Our finding renders support for funding agencies’ (i.e., National Science Foundation) efforts for reducing gender inequity in STEM disciplines (Ceci & Williams, 2011) and yet reveals the lingering challenge inherent in these efforts. Given that our analyses relied on archival data, we could not accurately code the race/ethnicity of researchers and thus did not include this demographic factor in our analyses. However, we speculate that pay-for-productivity may further disadvantage those with intersectional identities, such as women of color in STEM disciplines. Given that our focus was on determining whether there is a gender inequity of pay-for-productivity across disciplines, we offer some plausible explanations without testing these explanatory mechanisms. Future research should hence shed light on these possible mechanisms to ultimately identify ways to close gaps. For example, why, when, and how pay-for-productivity relationships are weaker for women in STEM may be a result of fewer women attempting to continuously renegotiate their salary. Alternatively, men may be more likely to seek offers from other institutions and their salary may benefit as a result. Last, it may be possible that women’s attempts to renegotiate their salary based on incremental performance results in negative reactions from administrators at the departmental, college, and university levels.

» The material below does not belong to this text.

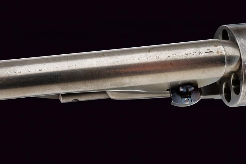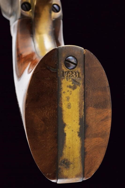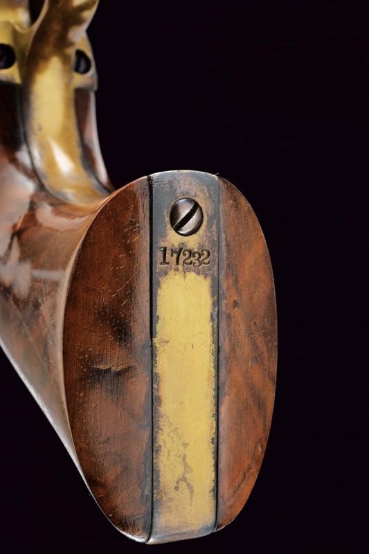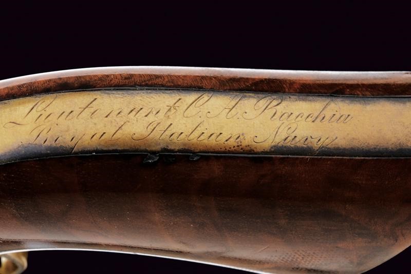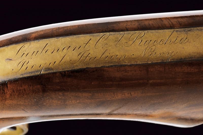 Canne tonde rigate (anime ben conservate con rigature ben definite), recanti marcature della ditta (non chiaramente visibili in una canna), cal. 36. Tamburi a sei colpi con incisione della battaglia navale ben visibile e con marcature dei numeri di serie. Castelli marcati "COLTS PATENT". Leve dei calcatoi con estremità zigrinate. Impugnature in noce con bande e ponticello in ottone con resti di argentatura. Meccaniche ben funzionanti. Entrambe le pistole con matricole coeve su canna, castello, ponticello, impugnatura, perno del tamburo, su fermo della canna e tamburo sempre la matricola coeva ma abbreviata. Un castello marcato all'interno "P", l'altro "P2". I ponticelli marcati entrambi "S" e "36 CAL". Il dorso dei calci marcato in corsivo "Lieutenant C.A. Racchia / Royal Italian Navy". I cani con brunitura forse rinfrescata. Minimi segni d'uso. Forse lievi tracce di tartarugatura sui castelli. Conservate in una cassetta di legno foderata all'interno di velluto rosso.
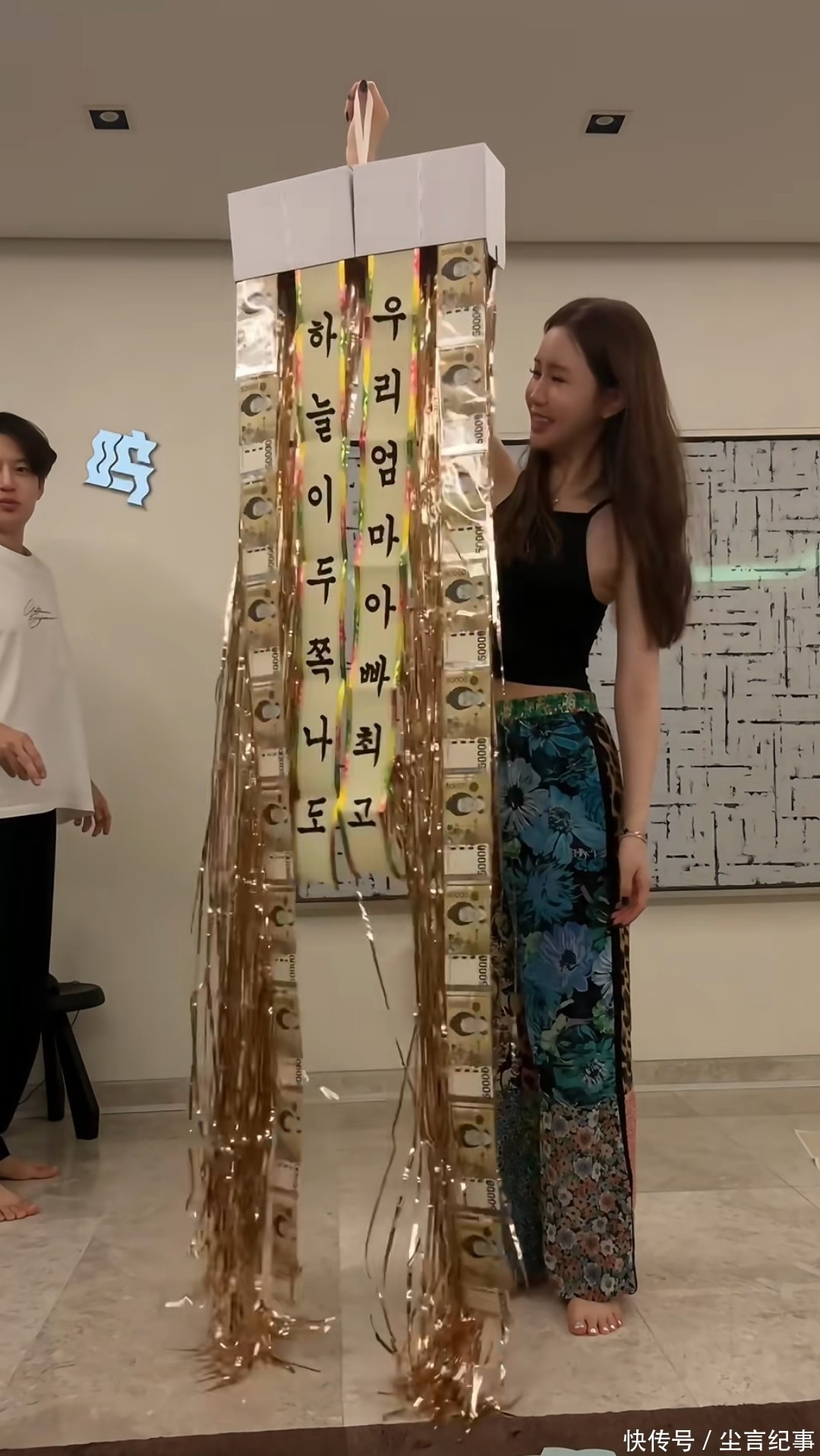 盒子里装着彩带还有准备的祝福语,还��面值的韩元,约人民币四五千块钱,盒子只要一拉绳,彩带就会直接垂下来,的确给人惊喜。

In our analyses we used the h-index as an indicator of research productivity. We encourage future researchers aiming the productivity-pay link to use broader or supplemental indices of productivity, such as external funding records and total citations. Even though the h-index is a widely known metric for research productivity and is used as a decision-making tool, it is not without weaknesses. For instance, intentional manipulation of the h-index by researchers through self-citations or inclusion of work authored by others may render the metric problematic for exclusive use as a research productivity indicator.

We further urge universities to regularly conduct internal analyses to adjust potential gender inequity of pay-for-productivity. Likewise, professional associations in STEM disciplines should regularly conduct such analyses to reduce the more limited pay-for-performance relationships we observed for women in our study. Notably, we do not intend to assert that the h-index should be treated as the benchmark for research productivity, as it is not problem- or concern-free. However, the h-index is to the measurement of scholarly productivity what democracy is to forms of government: the least problematic. We also urge universities to continuously assess whether high levels of research productivity translate into high pay at similar rates for men and women—the alternative may be to continue to lose women scientists despite high productivity levels and potential. The dearth of women, especially in senior academic/faculty positions in STEM, continues to pose a significant challenge for the science and technology workforce in the twenty-first century. To attract more women to enter STEM disciplines and help them be more engaged and thrive in these disciplines and their organizations, universities should, first and foremost, effectively address the ostensibly “sticky” problem of gender inequity of pay-for-productivity.